System-Design-Question

Median of Two Sorted Arrays

Category: dsa Date: 2026-04-02

Median of Two Sorted Arrays System Design Discussion

Problem Statement: Given two sorted arrays, find the median of the combined array.

Requirements (Functional + Non-functional):

High-Level Architecture:

  1. Input Processing: Take two sorted arrays as input and validate their lengths.
  2. Median Calculation: Use a binary search approach to find the median.
  3. Result Generation: Return the calculated median.

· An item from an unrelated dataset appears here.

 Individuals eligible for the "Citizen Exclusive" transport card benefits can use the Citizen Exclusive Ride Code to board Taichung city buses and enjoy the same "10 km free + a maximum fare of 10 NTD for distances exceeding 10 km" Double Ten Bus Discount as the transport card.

Database Design (Not applicable for this problem, as it’s a standalone algorithm)

Scaling Strategy:

  1. Distributed Binary Search: Divide the input arrays into smaller chunks and perform binary search on each chunk. This approach can scale horizontally to handle large input sizes.
  2. Parallel Processing: Use multiple threads or processes to perform binary search on each chunk concurrently, reducing overall processing time.

Bottlenecks:

  1. Binary Search Overhead: The overhead of binary search can be significant for large input arrays.
  2. Memory Usage: Large input arrays can consume excessive memory, causing performance issues.

Trade-offs:

  1. Time Complexity: A binary search approach provides O(log n) time complexity, but it can be slower than a simple merge approach for small input sizes.
  2. Memory Usage: A distributed binary search approach can reduce memory usage, but it adds overhead due to data transfer and synchronization.

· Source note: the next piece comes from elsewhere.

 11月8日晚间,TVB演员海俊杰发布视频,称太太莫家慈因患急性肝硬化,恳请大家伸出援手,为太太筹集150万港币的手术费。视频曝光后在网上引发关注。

Solution using the First Principle of System Design (Separation of Concerns):

  1. Separate Input Processing and Median Calculation: Break down the problem into two distinct components: input processing and median calculation.
  2. Use a Binary Search Approach for Median Calculation: Utilize a binary search approach to find the median, separating the calculation from the input processing.
  3. Decouple Result Generation from Median Calculation: Return the calculated median without coupling it to the input processing.

Median of Two Sorted Arrays Solution:

def findMedianSortedArrays(nums1, nums2):
    # Ensure nums1 is the smaller array to simplify logic
    if len(nums1) > len(nums2):
        nums1, nums2 = nums2, nums1

    total_len = len(nums1) + len(nums2)
    half_len = total_len // 2

    left = 0
    right = len(nums1) - 1

    while True:
        # Find the partition for nums1
        i = (left + right) // 2
        # Find the corresponding partition for nums2
        j = half_len - i - 2

        nums1_left = nums1[i] if i >= 0 else float('-infinity')
        nums1_right = nums1[i + 1] if (i + 1) < len(nums1) else float('infinity')
        nums2_left = nums2[j] if j >= 0 else float('-infinity')
        nums2_right = nums2[j + 1] if (j + 1) < len(nums2) else float('infinity')

        # Check if the partitions are correct
        if nums1_left <= nums2_right and nums2_left <= nums1_right:
            # Check if the total length is odd or even
            if total_len % 2 == 0:
                # Return the average of the two middle elements
                return (max(nums1_left, nums2_left) + min(nums1_right, nums2_right)) / 2
            else:
                # Return the middle element
                return min(nums1_right, nums2_right)
        # Adjust the partition for nums1
        elif nums1_left > nums2_right:
            right = i - 1
        else:
            left = i + 1

This solution follows the first principle of system design by separating input processing and median calculation, using a binary search approach for median calculation, and decoupling result generation from median calculation.